SUPPLIED INFORMATION =
"""

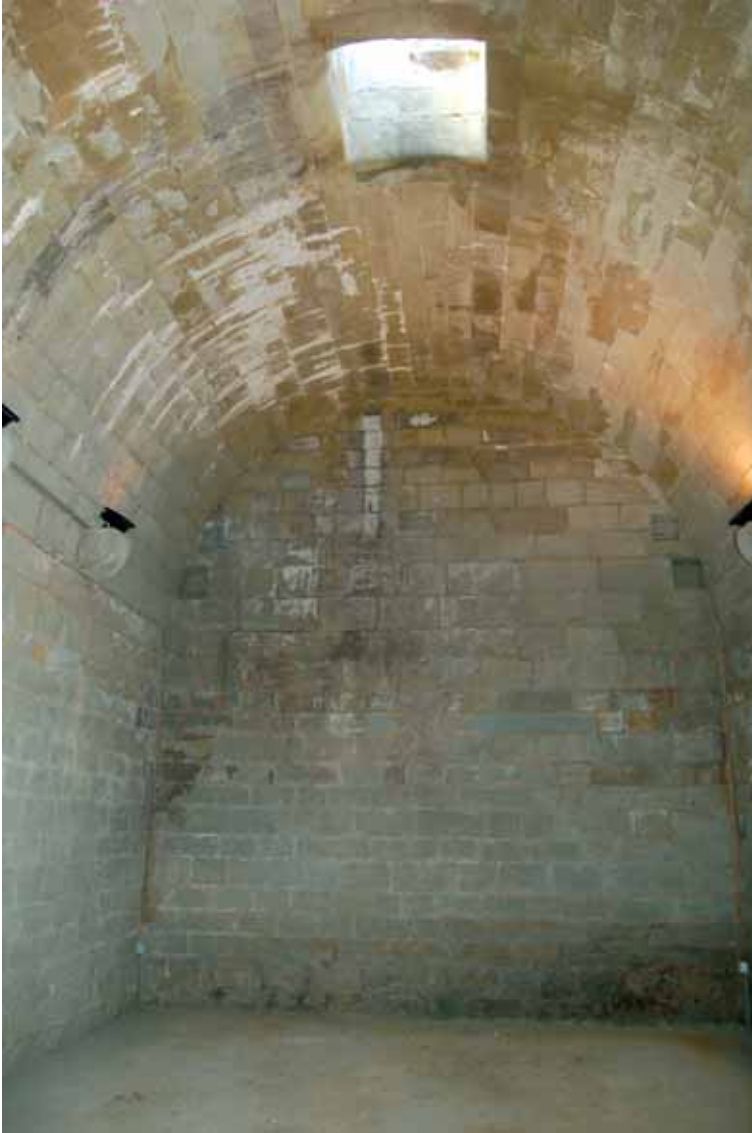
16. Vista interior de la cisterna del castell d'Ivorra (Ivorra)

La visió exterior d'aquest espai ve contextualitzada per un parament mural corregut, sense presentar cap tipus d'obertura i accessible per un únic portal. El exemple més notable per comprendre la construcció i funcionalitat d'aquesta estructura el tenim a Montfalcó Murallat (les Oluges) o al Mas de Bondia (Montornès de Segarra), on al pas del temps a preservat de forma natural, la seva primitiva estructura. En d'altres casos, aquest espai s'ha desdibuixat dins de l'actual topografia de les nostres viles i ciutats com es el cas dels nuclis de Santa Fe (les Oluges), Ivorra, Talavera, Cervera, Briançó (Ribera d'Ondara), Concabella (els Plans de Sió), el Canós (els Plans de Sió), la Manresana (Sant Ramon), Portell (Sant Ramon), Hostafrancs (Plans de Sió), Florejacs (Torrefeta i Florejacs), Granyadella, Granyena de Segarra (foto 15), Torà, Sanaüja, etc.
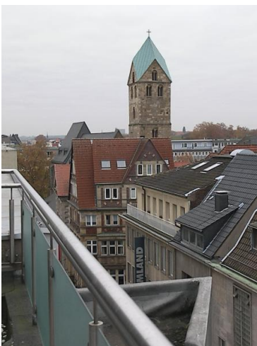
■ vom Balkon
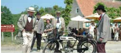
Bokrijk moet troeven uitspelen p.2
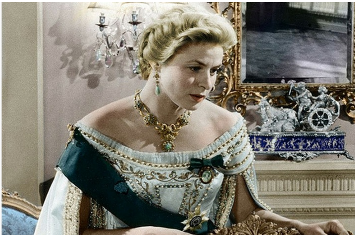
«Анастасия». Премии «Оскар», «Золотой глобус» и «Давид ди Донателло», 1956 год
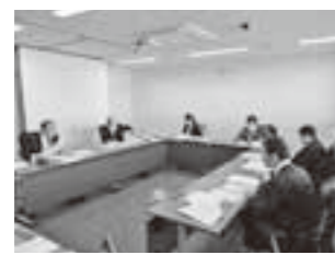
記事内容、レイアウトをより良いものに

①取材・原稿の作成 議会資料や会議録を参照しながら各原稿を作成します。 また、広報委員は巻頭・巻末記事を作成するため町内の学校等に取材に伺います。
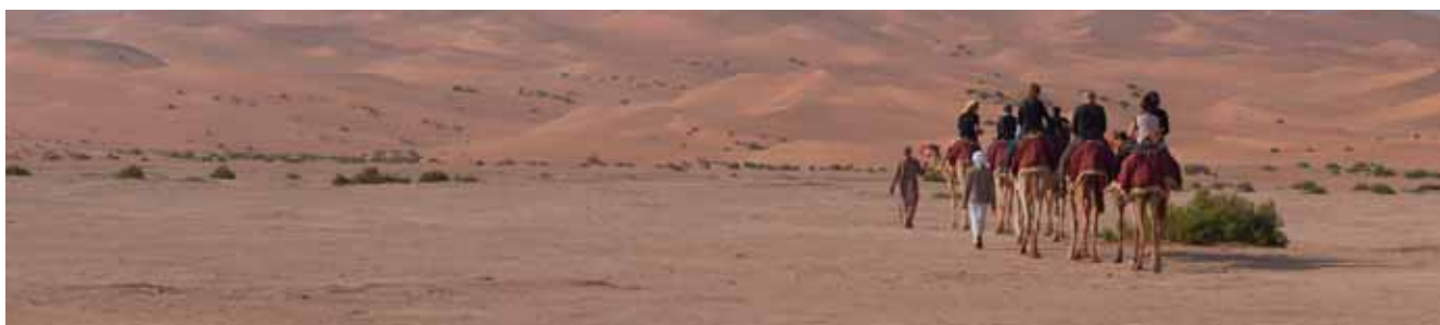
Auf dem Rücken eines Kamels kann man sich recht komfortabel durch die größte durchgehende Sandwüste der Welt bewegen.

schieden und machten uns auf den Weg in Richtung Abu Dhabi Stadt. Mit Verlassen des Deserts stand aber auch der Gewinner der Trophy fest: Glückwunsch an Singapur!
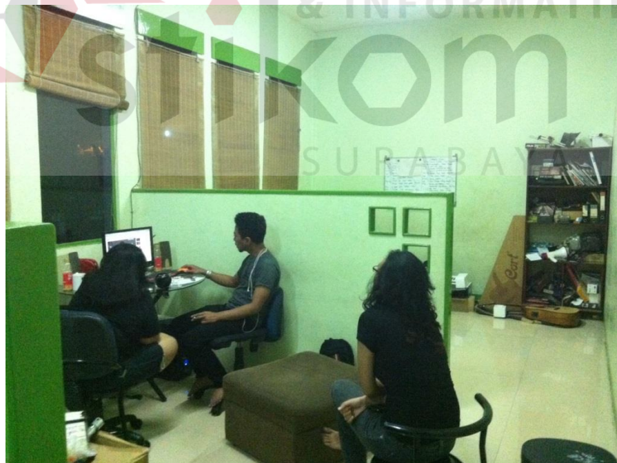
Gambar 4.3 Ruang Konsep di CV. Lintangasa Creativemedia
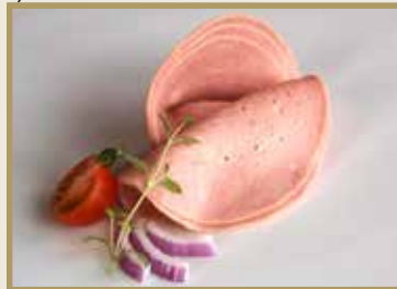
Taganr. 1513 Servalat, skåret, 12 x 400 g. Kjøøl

"""
"""

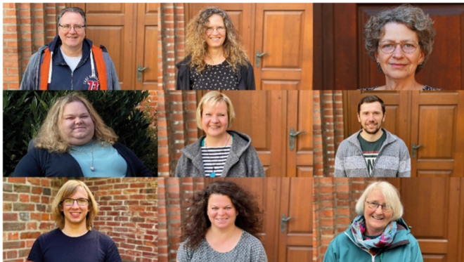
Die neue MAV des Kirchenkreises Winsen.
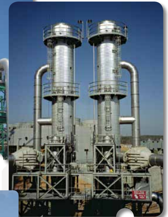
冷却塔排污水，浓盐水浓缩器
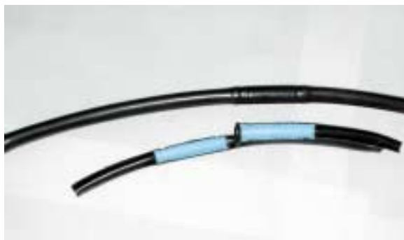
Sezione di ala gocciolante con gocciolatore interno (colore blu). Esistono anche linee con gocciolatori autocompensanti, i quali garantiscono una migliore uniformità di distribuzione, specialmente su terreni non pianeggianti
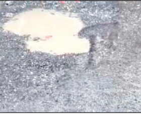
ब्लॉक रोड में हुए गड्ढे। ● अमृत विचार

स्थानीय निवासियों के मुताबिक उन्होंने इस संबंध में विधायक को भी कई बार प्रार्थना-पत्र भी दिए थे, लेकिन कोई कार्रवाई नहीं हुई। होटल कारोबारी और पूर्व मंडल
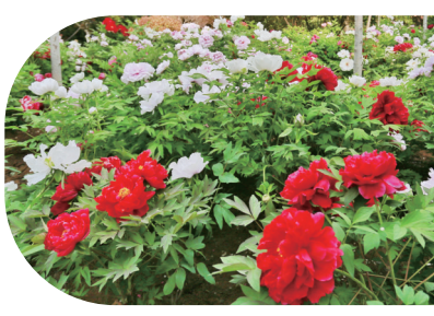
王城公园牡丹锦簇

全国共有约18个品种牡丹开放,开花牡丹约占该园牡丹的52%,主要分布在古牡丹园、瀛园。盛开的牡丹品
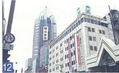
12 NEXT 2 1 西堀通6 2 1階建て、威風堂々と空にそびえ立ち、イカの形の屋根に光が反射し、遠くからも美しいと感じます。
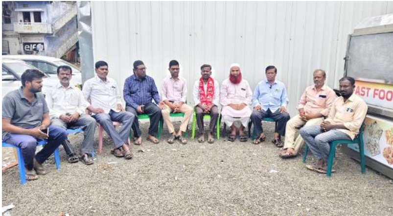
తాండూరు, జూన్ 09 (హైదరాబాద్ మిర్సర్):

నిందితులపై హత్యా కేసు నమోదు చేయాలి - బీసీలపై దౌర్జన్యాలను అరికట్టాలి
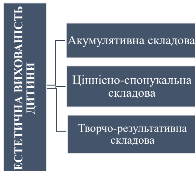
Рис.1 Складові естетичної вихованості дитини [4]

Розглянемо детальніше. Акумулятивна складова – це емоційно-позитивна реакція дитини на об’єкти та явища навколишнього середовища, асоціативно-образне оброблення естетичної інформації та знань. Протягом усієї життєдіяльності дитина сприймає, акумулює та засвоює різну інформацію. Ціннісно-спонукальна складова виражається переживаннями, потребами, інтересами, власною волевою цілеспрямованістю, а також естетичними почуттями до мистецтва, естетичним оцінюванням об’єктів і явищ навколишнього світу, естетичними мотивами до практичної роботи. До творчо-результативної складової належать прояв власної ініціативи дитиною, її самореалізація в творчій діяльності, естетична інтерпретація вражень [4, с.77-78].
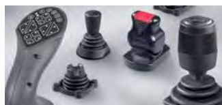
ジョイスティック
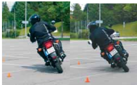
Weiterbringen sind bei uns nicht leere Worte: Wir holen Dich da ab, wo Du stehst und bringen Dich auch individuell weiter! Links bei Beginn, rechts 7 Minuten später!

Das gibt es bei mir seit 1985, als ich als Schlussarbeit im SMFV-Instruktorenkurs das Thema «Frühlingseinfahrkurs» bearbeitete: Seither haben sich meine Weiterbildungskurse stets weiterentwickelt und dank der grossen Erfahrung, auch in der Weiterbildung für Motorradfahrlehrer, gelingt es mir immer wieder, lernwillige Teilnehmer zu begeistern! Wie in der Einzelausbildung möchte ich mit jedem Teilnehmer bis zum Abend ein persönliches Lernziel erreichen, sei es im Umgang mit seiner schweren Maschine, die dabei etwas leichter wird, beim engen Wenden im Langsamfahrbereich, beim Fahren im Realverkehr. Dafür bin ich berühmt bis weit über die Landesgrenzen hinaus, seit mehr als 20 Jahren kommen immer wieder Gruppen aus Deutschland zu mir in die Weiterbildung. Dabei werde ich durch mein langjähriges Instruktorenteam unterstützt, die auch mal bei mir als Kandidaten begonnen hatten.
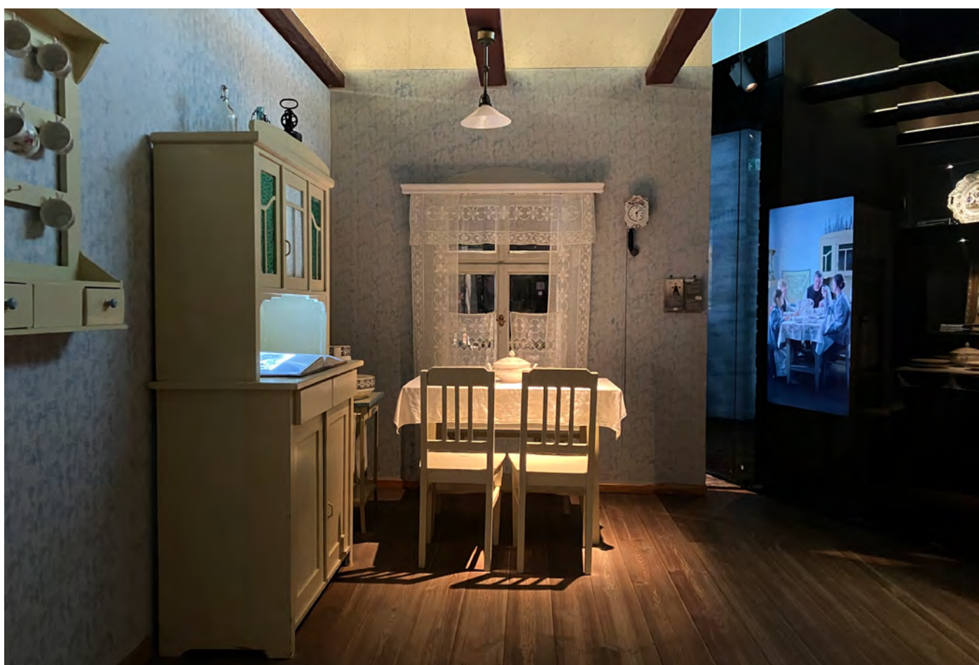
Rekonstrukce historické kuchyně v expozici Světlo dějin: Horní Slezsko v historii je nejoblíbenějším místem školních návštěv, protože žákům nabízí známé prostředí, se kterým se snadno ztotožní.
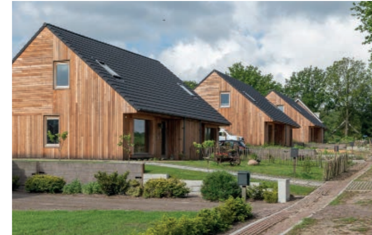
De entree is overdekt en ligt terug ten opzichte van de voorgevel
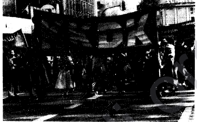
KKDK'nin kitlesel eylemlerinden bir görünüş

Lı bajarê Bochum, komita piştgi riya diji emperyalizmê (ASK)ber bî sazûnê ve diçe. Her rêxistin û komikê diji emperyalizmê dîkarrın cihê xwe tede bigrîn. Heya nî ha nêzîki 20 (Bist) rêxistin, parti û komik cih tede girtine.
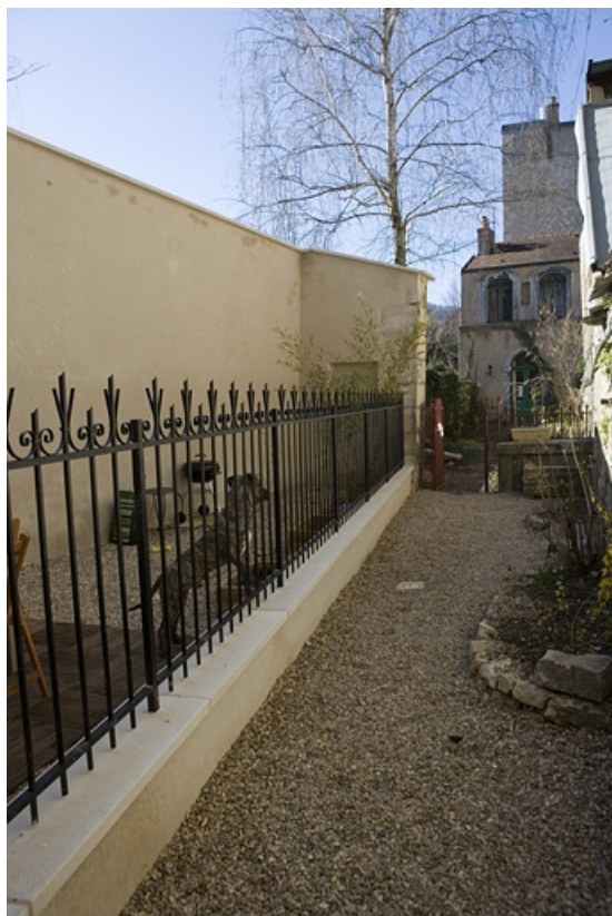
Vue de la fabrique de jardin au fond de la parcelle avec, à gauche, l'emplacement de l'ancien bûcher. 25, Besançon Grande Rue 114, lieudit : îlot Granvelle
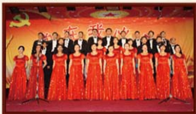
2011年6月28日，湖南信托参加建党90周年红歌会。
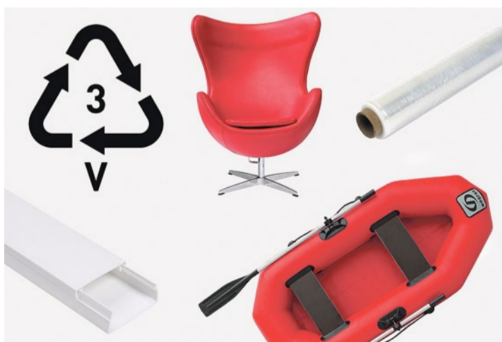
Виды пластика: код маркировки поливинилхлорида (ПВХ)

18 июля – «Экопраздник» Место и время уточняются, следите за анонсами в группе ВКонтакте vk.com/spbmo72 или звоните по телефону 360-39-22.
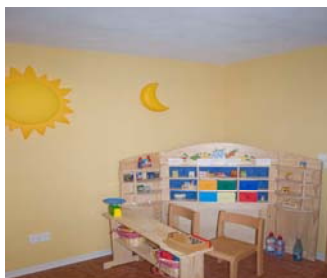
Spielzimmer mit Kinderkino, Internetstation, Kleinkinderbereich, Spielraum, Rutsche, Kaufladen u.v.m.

"""

WHAT YOU NEED TO DO = Among the lines of the material above, find those with the word "естетичної". Copy each one.

RESULT OF THE EXERCISE =
Рис.1 Складові естетичної вихованості дитини [4]
Розглянемо детальніше. Акумулятивна складова – це емоційно-позитивна реакція дитини на об’єкти та явища навколишнього середовища, асоціативно-образне оброблення естетичної інформації та знань. Протягом усієї життєдіяльності дитина сприймає, акумулює та засвоює різну інформацію. Ціннісно-спонукальна складова виражається переживаннями, потребами, інтересами, власною волевою цілеспрямованістю, а також естетичними почуттями до мистецтва, естетичним оцінюванням об’єктів і явищ навколишнього світу, естетичними мотивами до практичної роботи. До творчо-результативної складової належать прояв власної ініціативи дитиною, її самореалізація в творчій діяльності, естетична інтерпретація вражень [4, с.77-78].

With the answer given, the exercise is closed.